◆ WORK ITEM
Line by line, repeat the material below exactly and leave the images out.

◆ COLLECTED DATA
┄┄┄┄┄┄

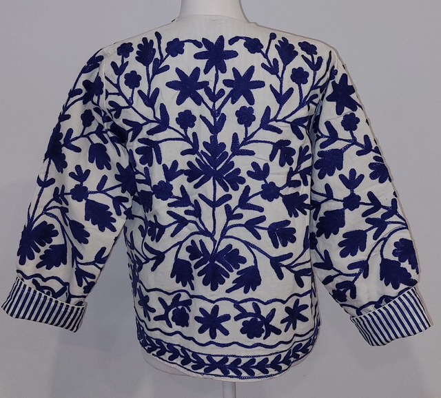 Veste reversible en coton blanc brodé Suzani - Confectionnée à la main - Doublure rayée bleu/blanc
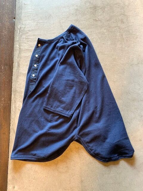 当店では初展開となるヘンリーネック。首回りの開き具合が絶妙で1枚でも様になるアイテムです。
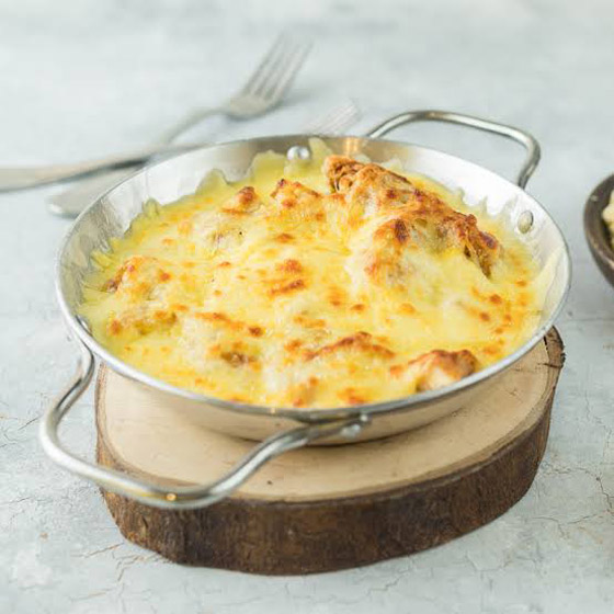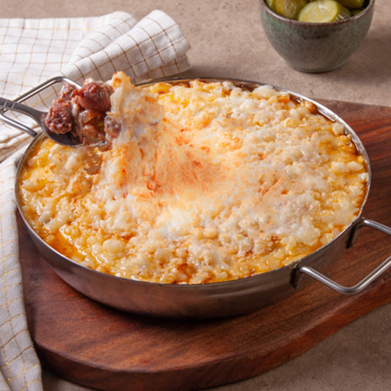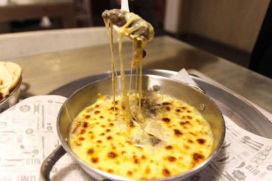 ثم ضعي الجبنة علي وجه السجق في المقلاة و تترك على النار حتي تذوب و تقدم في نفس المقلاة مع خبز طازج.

┄┄┄┄┄┄

◆ EXPECTED ANSWER
 Veste reversible en coton blanc brodé Suzani - Confectionnée à la main - Doublure rayée bleu/blanc
 当店では初展開となるヘンリーネック。首回りの開き具合が絶妙で1枚でも様になるアイテムです。
 ثم ضعي الجبنة علي وجه السجق في المقلاة و تترك على النار حتي تذوب و تقدم في نفس المقلاة مع خبز طازج.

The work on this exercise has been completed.